Anyone care to confuse the issue further?


----------



## camaraderie (May 22, 2002)

Last year...June and July were the foggiest w/ over 20 days...August and Sept. were in the mid-teens. That was in Portland. May be differerent further East.


----------



## labatt (Jul 31, 2006)

If you go south of Penobscot, make sure you stop at Monhegan Island. It's an artist colonie. There are all of 5-10 motorized vehicles on the island, and some wonderful sights. We've also sighted many whales off of Monhegan. North, we like Camden and Rockland.


----------



## TrueBlue (Oct 11, 2004)

Fog in New England - from Maine to Connecticutt, is most prevalent in the summer months . . . as evident by these July pics from Nantucket Sound:


----------



## Maine Sail (Jan 6, 2003)

*Fog..??*

Geez true Blue that looks fairly clear to me. In fog like that you can actually see the lobster pots... And yes summer is foggiest!


----------



## TSOJOURNER (Dec 16, 1999)

The best guide:










A Cruising Guide to the Maine Coast - 4th Ed.

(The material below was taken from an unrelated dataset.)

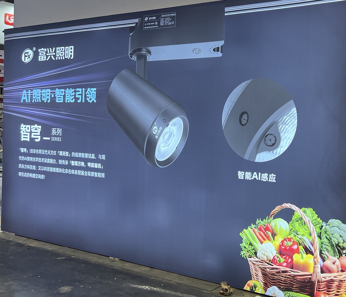 在2025年中国零售博览会广东富兴照明展区,人头攒动,现场富兴照明CEO唐京飘,为大家展示了Al照明的技术原理,将不同的商品如生鲜区的蔬菜、水果、面包、熟食、水产、鲜肉,通过AI照明的数据模型AI智能识别原理。将生鲜区的各个商品通过AI自动识别来调整他的商品光色!这背后彰显照明Al技术原理!通过Al灯光根据照射物的不同,自动呈现出与之匹配的色调。

There is hardly a bad place you can go in Penobscot Bay. I would skip the itinerary and just explore.

Enjoy.


----------



## Maine Sail (Jan 6, 2003)

*yep...*

Lose the itenerary! Go where the wind takes you and enjoy! You won't find a bad spot and each one is better than the last..

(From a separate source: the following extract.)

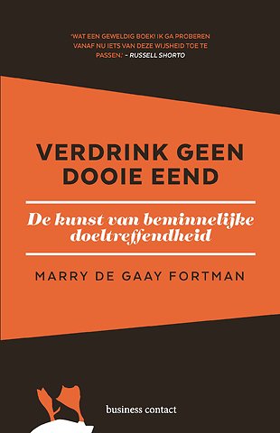 Meer over Marry de Gaay FortmanIn 'Verdrink geen dooie eend' vertelt topadvocaat Marry de Gaay Fortman over haar carrière als vrouw in een mannenwereld. De belangrijkste lessen: verspil geen energie aan negatieve situaties of dwarsliggers – ‘dooie eenden’ – en onderschat nooit de kracht van beminnelijkheid.

McGlathery Island - East Side Anchoroage


----------



## TSOJOURNER (Dec 16, 1999)

There is no "season" for fog. It rolls in just about anytime in Maine. The last two summers, the fog has not been too bad. Most days were sunny with good visibility. You need a good GPS chartplotter to keep you out of trouble. I don't have radar and manage pretty well picking my days and staying put when there is no visibility.

As far as anchorages on Penobscot Bay, you will need a couple months to explore them all. Some of my favorites are Holbrook Island / Ram Island just outside of Castine. Travel up the Bagaduce and you will find more spectacular places. Try Warren Island in Islesboro. It is a state park as well. 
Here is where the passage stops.